Suppose we have a class Bar which has two data members, a and b respectively pointing to two other objects of type A. Within this type A, we have a data member i that points to an integer.

In the code below, in order to allow the data members of Bar, i.e. a and b to share the same pointer i. I have to create another data member inside Bar that represent the common pointer a and b are going to share.

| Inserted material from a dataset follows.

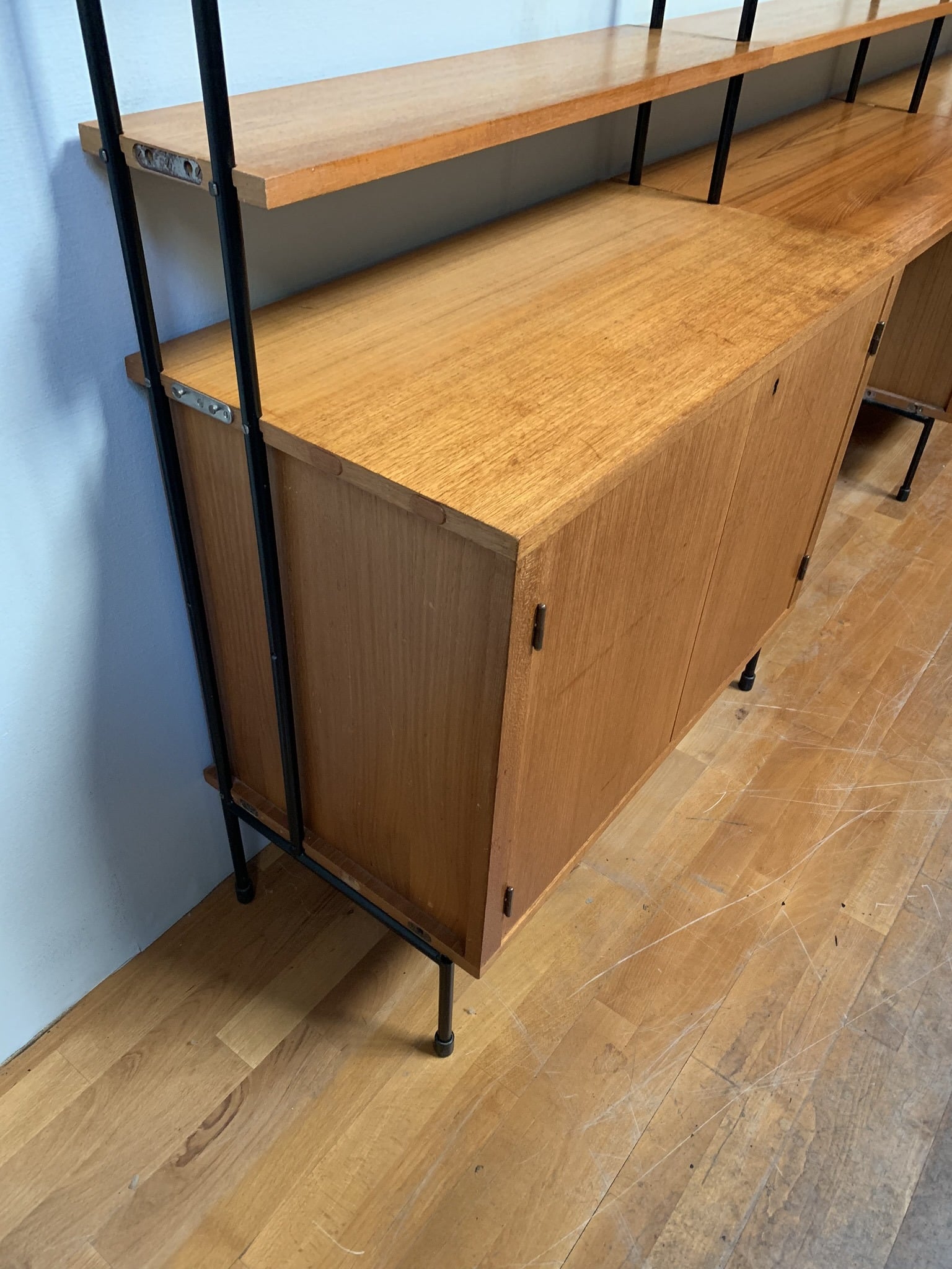Hyllsystem i teak med gavlar i svartlackerat stål.

However, I'm wondering if there's any way of sharing the same intermediate pointer i when initializing a and b in the initializer list.

#include <memory>

using namespace std;

struct A {
    const shared_ptr<int> i;

    explicit A(const shared_ptr<int> &i): i(i) {}
};

struct Bar {
    const shared_ptr<int> _i;
    const unique_ptr<A> a;
    const unique_ptr<A> b;

    explicit Bar(const int &i):
            _i(make_shared<int>(i)),
            a(make_unique<A>(_i)),
            b(make_unique<A>(_i)) {}
};

CodePudding user response：

Since A::i is public and is a shared_ptr, you can eliminate the need for Bar::_i like this:

struct Bar {
    const unique_ptr<A> a;
    const unique_ptr<A> b;

    explicit Bar(const int &i):
            a(make_unique<A>(make_shared<int>(i))),
            b(make_unique<A>(a->i)) {}
};

If A::i is later made private, simply make Bar be a friend of A, then it should still work.

With the old code, you could have done this:

struct Bar {
    const A* a;
    const A* b;

    explicit Bar(const int &i):
            a(new A(new int(i))),
            b(new A(a->i)) {}
};

But you would have had a management problem in deciding who is responsible for freeing the int*. With shared_ptr, you don't have to worry about that.